Your cancellation rate is not the problem. The decomposition is.

Prexisio5 min read

A 25% surgical cancellation rate is a number. Most multi-site specialty surgical practices know their number. They monitor it monthly. They present it in leadership meetings. Sometimes they celebrate when it drops a point.

What they rarely know is where the number comes from.

That gap — between knowing the rate and knowing the cause — is where most intervention attempts fail. Because a 25% cancellation rate driven by prior authorization denials requires a completely different fix than one driven by date-of-service no-shows. And an organization-wide intervention applied to a problem that is concentrated in two locations wastes resources and produces minimal results.

The rate is the symptom. The decomposition is the diagnosis.

What the rate hides

When a surgical case cancels, something specific happened. A prior authorization was denied. A patient called the day before and said they were not coming. A surgeon was unavailable. An implant was not available. A referral source sent a patient who was never a good candidate.

Each of these has a different cause. Each requires a different response. And each is masked by the aggregate cancellation rate, which treats all of them the same.

A practice with a 25% cancellation rate might have:

  • 40% of cancellations happening at one location that accounts for 25% of total volume
  • 60% of 48-hour cancellations caused by one payer's prior authorization process
  • Three referral sources with cancellation rates above 45% — double the organizational average
  • 80% of date-of-service cancellations concentrated in a specific time window

None of this is visible in the aggregate rate. All of it is visible in the decomposition.

The variables that matter

A complete cancellation decomposition should segment by at least five variables:

Cancellation window. Date-of-service, 24-hour, 48-hour, and greater than 48-hour cancellations have different causes and different intervention opportunities. 48-hour cancellations are almost always traceable to prior authorization timelines or scheduling errors. Date-of-service cancellations are more likely to involve patient readiness or same-day emergencies. The mix tells you where to focus.

Location. Multi-site practices rarely have uniform cancellation rates across locations. In our experience, two to three locations typically drive a disproportionate share of the organizational rate. Knowing which ones — and which variables are different at those locations — tells you whether the problem is a scheduling process issue, a referral source concentration, or a physical workflow problem.
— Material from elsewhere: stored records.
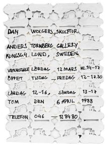 Ett vernissagekort av Dan Wolgers från 1988 ropas ut. Allt han gör blir konst! Tänk bara på telefonkatalogen. Jag sparade förresten en sådan. Smart va?! Vernissagekortet är 17x12cm och ropas ut för 5000-6000 kr. (Stockholms Auktionsverk 13 juni).
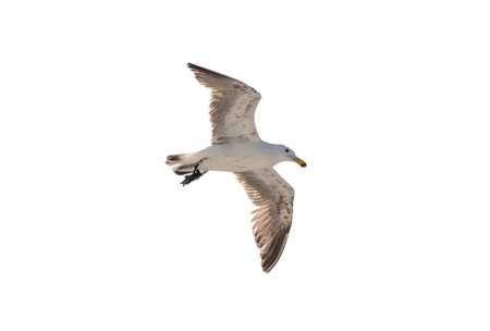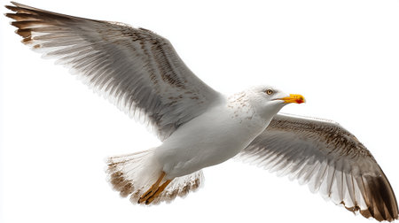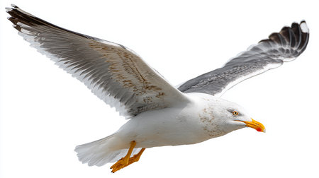 A detailed image of a seagull in mid-flight, captured against a white background. The bird is prominently displayed with its wings spread wide, showcasing its grey and white feathers with black tips. The seagull's yellow beak and legs are clearly visible, highlighting its graceful flight. The image is SEO-friendly and ideal for nature and wildlife enthusiasts.
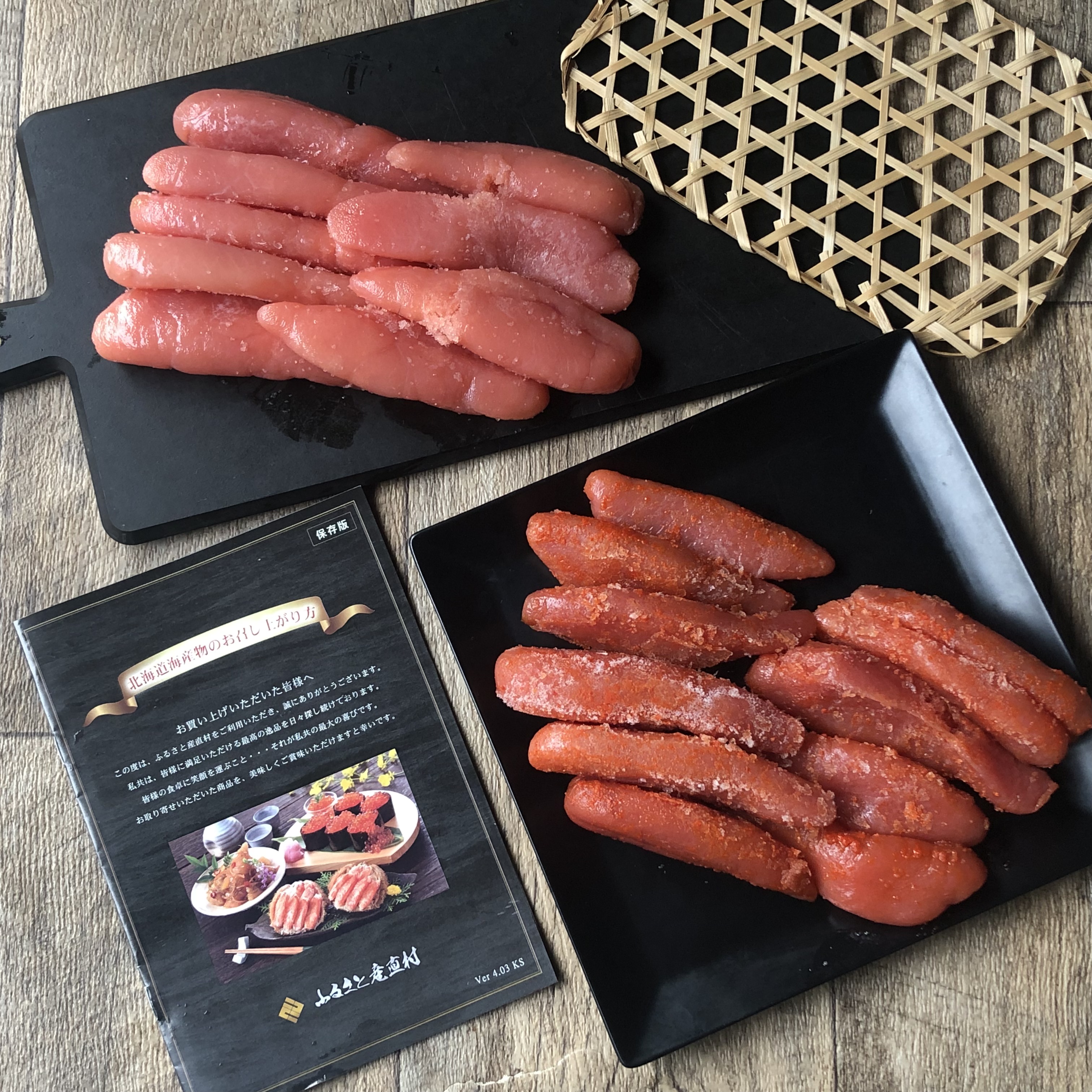 ○塩たらこ、明太子の単品販売もありますが、こちらのセットなら食べ比べもできて大切な方への贈り物にも最適です。

Referral source. Every referring provider has an implicit cancellation rate on the cases they send. Some send surgical candidates with high prior auth success rates and low no-show rates. Others send high-volume but high-cancellation cases that look attractive in the referral funnel and cost money once they hit the schedule. The decomposition makes this visible. The aggregate rate does not.
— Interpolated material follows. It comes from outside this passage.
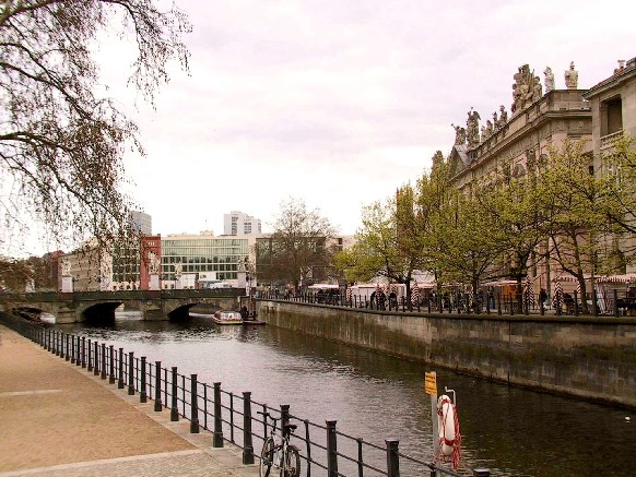 <br>Center (Alt-Berlin/Friedrichswerder), crosses the Kupfergraben (spree Canal) and connects the road the Schlossplatz under den Linden.<br><br>Created according to plans by Karl Friedrich Schinkel 1821-1824, the bridge received its name at the laying of the foundation stone on 29 5 1822. The outer of the three stone arches inserted per 11,20 m width, which was average of 7.64 m wingspan 1912 instead of 8 bridges flaps. Schinkelsche cast iron reliefs adorn the railing and the balustrades carry on both sides four granite postamente. Schinkel had earmarked as a bridge jewelry copper work, showing the life and martyrdom of a warrior. This plan could not be realised considering the empty state coffers. After a competition, the sculptures were first created and set up between 1842 and 1853. The eight white, each about 3m high figures made of Carrara marble stand on high gray marble pedestals, which are medallions with Eagle motifs.<br><br>1 Group: Nike taught the boy in history, in 1847 led by Emil Wolf (1802-1879).<br><br>2. Group: Athena taught the boys in the use of weapons, carried out in 1853 by Friedrich Anton Hermann Schievelbein (1817-1867).<br><br>3. Group: Athena armed the Warrior, 1851 carried out by Karl Heinrich MÖLLER (1802-1882).<br><br>4. Group: Nike crowned the winner, carried out in 1853 by Friedrich Drake (1805-1882).<br><br>5. Group: Nike is the wounded warrior 1853 carried out by Ludwig Wichmann.<br><br>6 Group: Athena encouraged the Warriors in the fight, 1853 carried out by Albert Wolff (1814-1892).<br><br>7 Group: The youth of Pallas anew in the fight led (Athena helps the Warriors in battle), 1854 carried out by Gustav winds.<br><br>8 Group: goddess of victory Nike contributes the fallen heroes to Mount Olympus, 1857 carried out by August Wredow (1804-1891).<br><br>in 1943, the character groups in the South port of Spandau were spent. in 1981, the Senate of Berlin within the framework of the German exchange of cultural goods handed the magistrate of Berlin the sculpture group 1983-84 after restoration is again raised at the historic site. in 1989, the base with the newly created Eagle medallions were completed.<br>The Castle bridge was called the Marx-Engels bridge 1951-1991. The bridge is listed with the allegories. (Info from www.luise-berlin.de)

Payer. Prior authorization processes vary dramatically by payer. Some payers approve spine procedures in 24 hours. Others require 10 to 14 days and have high denial rates on specific CPT codes. A decomposition by payer shows which payer relationships are producing 48-hour cancellations at disproportionate rates — and gives the prior auth team a specific payer to address.

Reason code. Every cancelled case has a documented reason code in the scheduling system. Those codes — patient requested, prior auth denied, no-show, provider conflict, patient not ready — are the closest thing to a ground truth on why cases cancel. They are also consistently underused for analysis, because connecting them to the other variables (location, payer, referral source) requires cross-system data that most practices do not have.

Why the decomposition is structurally hard

Most scheduling systems can produce a cancellation report. Some can segment by location or by reason code. None of them can connect cancellations to prior authorization timelines, referral source quality, or payer contract performance — because those variables live in different systems.

Prior authorization data lives in the billing system or a payer portal. Referral source information lives in the EMR, connected to the referring provider record. Surgical records, clinical timing, and ASC data live in the ASC platform. And in most multi-site practices, each of these systems assigns a different patient ID to the same person.

The decomposition requires connecting all of them. That connection does not exist inside any single system. It has to be built.

What changes when you have the decomposition

The intervention becomes targeted.

Instead of implementing a blanket prior authorization policy across all cases, you focus on the specific payer whose denial rate on spine procedures is driving your 48-hour cancellations.

Instead of a practice-wide outreach campaign to reduce no-shows, you target the three referral sources whose cases are cancelling at double the organizational rate — and have a specific conversation with each referring provider about case selection.

Instead of celebrating a 1-point drop in the organizational cancellation rate, you measure whether the specific intervention addressed the specific cause — and whether the drop came from the locations and referral sources where the problem was concentrated.

The rate tells you how bad things are. The decomposition tells you what to do about it.

The diagnostic question to ask

If your organization can answer the following question — with specific location names, referral source names, and payer names — you have a working decomposition:

Of our cancellations last month, which two locations, which three referral sources, and which two payers accounted for the largest share — and what was the cancellation rate for each?

If the honest answer is "we cannot break it down that way," the decomposition does not exist yet.

That is the starting point for everything else.